Ce convoi est composé au départ de Compiègne, de 1175 hommes (1100 « otages communistes » – jeunes communistes, anciens responsables politiques et élus du Parti communiste, syndicalistes de la CGT et délégués du personnel d’avant-guerre, militants et syndicalistes clandestins, résistants – de cinquante  « otages juifs » et de quelques « droits communs »). Il faisait partie des mesures de terreur allemandes destinées à combattre, en France, les judéo-bolcheviks responsables, aux yeux de Hitler, des actions armées organisées par le parti communiste clandestin contre des officiers et des soldats de la Wehrmacht, à partir d’août 1941. Lire dans le site le récit des deux jours du transport : Compiègne-Auschwitz : 6-8 juillet 1942. Sur les 1175 otages partis de Compiègne le 6 juillet 1942, 1170 sont présents à l’arrivée du train en gare d’Auschwitz le 8 juillet 1942. Ces derniers sont enregistrés et photographiés au Stammlager d’Auschwitz (camp souche ou camp principal, dénommé en 1943 Auschwitz-I) entre les numéros « 45157 » et « 46326 », d’où le nom de « convoi des 45000 », sous lequel les déportés du camp désignaient ce convoi. Ce matricule – qu’il doit apprendre à dire en allemand et en polonais à toute demande des Kapos et des SS – sera désormais sa seule identité. Lire dans le site : Le KL Auschwitz-Birkenau.

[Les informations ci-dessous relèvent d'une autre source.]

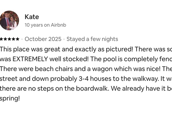 Beach chairs, umbrellas, boogie boards, and a beach cart that is easy to pull through the sand are all included.
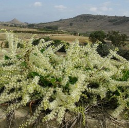 Dit houtige familielid van de Basella (klimspinazie) is in de (sub)tropen een echte bomen- of murenkiller net als bij ons de bruidsluier. De hard groeiende, rankende plant met sappige bladeren en volop (wrattige) luchtknolletjes bereiken een enorm gewicht! Voor ons is de plant niet winterhard, dus wees niet bang! Zet ze in een flinke pot met steunstokken tot een klimrekje gevormd en de plant verrast door frisse groei en heerlijk geurende, witte bloei.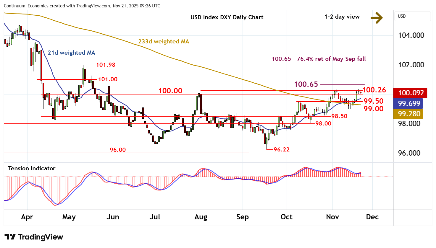 09:10 GMT - Little change, as prices extend cautious trade within strong resistance at congestion around 100.00 and the 100.26 monthly high of 1 August. Intraday studies are under pressure, highlighting room for a break back below 100.00. But rising daily stochastics and the positive daily Tension Indicator should limit scope in renewed consolidation/buying interest above support at the 99.50 break level. Following cautious trade, fresh gains are looked for. A break above 100.00/26 will improve sentiment and extend mid-September gains towards the 100.65 Fibonacci retracement, where mixed weekly charts could prompt fresh selling interest/consolidation.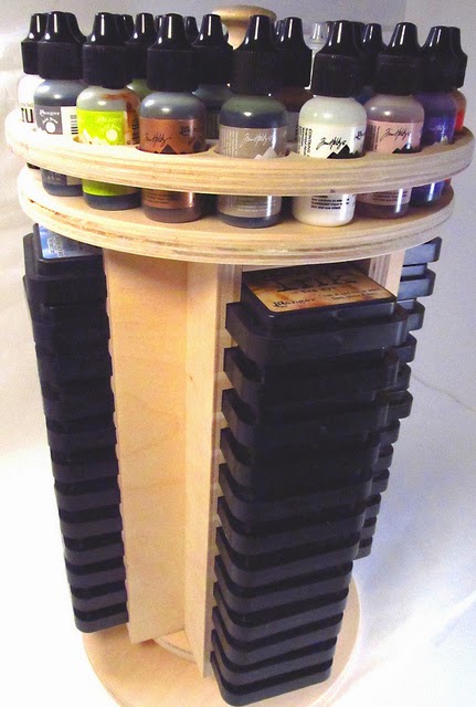 So a couple of years ago I was reading the blog of Jim the Gentleman Crafter and saw this cool ink storage unit. It is one is designed to hold Tim Holtz Distress Ink pads and Adirondack Alcohol Ink bottles. At the time I was just starting to use Distress Ink, so didn't have that many colors, but still thought this was a pretty swift storage option.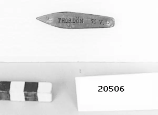 - Användning: Skylten har suttit fästad till karta, förmodligen hos planeringsingenjören eller motsvarande, som visat fartygets placering vid kajen samt vilken spänning i volt som skulle kopplas in.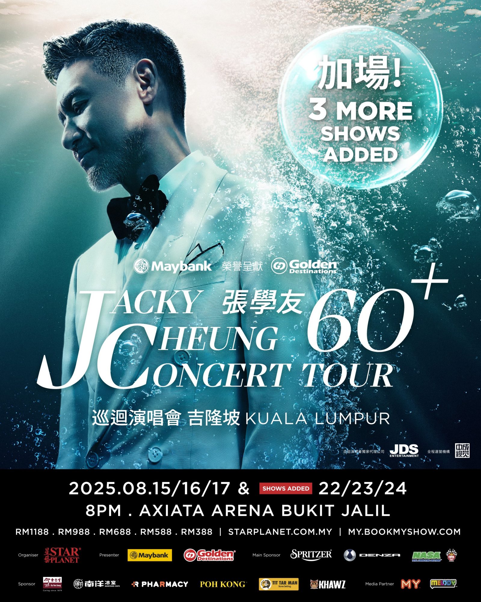 华语乐坛殿堂级巨星“歌神”张学友携《60+ 巡回演唱会》宣布追加三场演出!加场日期定于8月22日、23日及24日,再度于吉隆坡 Axiata Arena Bukit Jalil 引爆全场!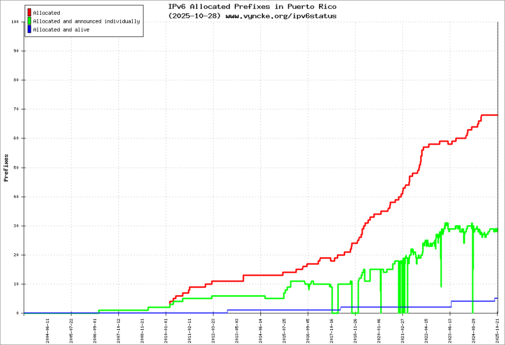 Here are the 459 (459 with a prefix length <= 48) IPv6 prefixes assigned to the country color coded:
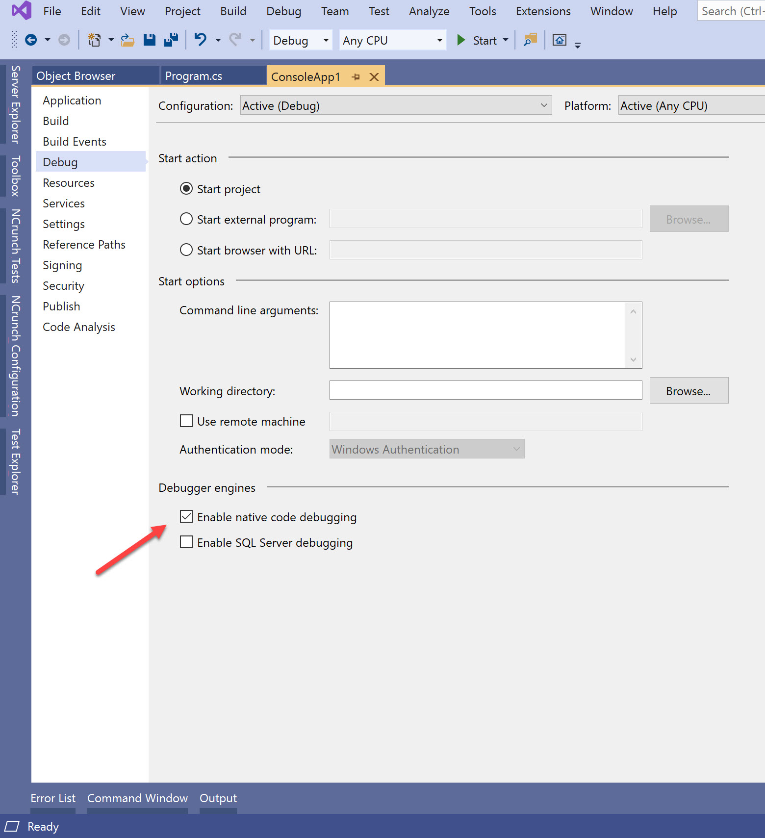 以下是调试部分中提到的控制台应用程序的项目属性:

l’entrée du camp d’Auschwitz

Henri Mathiaud est enregistré à son arrivée à Auschwitz le 8 juillet 1942 sous le numéro « 45860 ».

Sa photo d’immatriculation à Auschwitz n’a pas été retrouvée parmi celles que des membres de la Résistance intérieure du camp avaient camouflées pour les sauver de la destruction, ordonnée par les SS peu de temps avant l’évacuation d’Auschwitz.

Lire dans le site le récit de leur premier jour à Auschwitz : L’arrivée au camp principal, 8 juillet 1942. et 8 juillet 1942 : Tonte, désinfection, paquetage, « visite médicale ».  Après l’enregistrement, il passe la nuit au Block 13 (les 1170 déportés du convoi y sont entassés dans deux pièces). Le 9 juillet tous sont conduits à pied au camp annexe de Birkenau (Brzezinka), situé à 4 km du camp principal. Le 13 juillet il est interrogé sur sa profession. Les spécialistes dont les SS ont besoin pour leurs ateliers sont sélectionnés et vont retourner à Auschwitz I (approximativement la moitié du convoi. Les autres, restent à Birkenau, employés au terrassement et à la construction des Blocks.
Il est affecté au Block 15 (Post II, Stube 4) : il travaille dans plusieurs kommandos et notamment à celui de la serrurerie (Schlosserei), avec René
Petijean
,Georges Brumm, Adrien Fontaine, Auguste Monjauvis et Raymond Montégut.
En application d’une directive datée du 21 juin 1943 accordant aux détenus français des KL, la possibilité de correspondre avec leur famille et de recevoir des colis renfermant des vivres, il reçoit le 4 juillet 1943, comme les autres détenus politiques français d’Auschwitz, l’autorisation d’échanger des lettres avec sa famille – rédigées en allemand et soumises à la censure – et de recevoir des colis contenant des
aliments.
Entre le 14 août 1943 et le 12 décembre 1943, il est en quarantaine au Block 11 avec la quasi totalité des Français survivants. Lire l’article du
site « les 45000 au block 11
.  Le 12 décembre, les Français quittent le Block 11 et retournent dans leurs anciens Kommandos.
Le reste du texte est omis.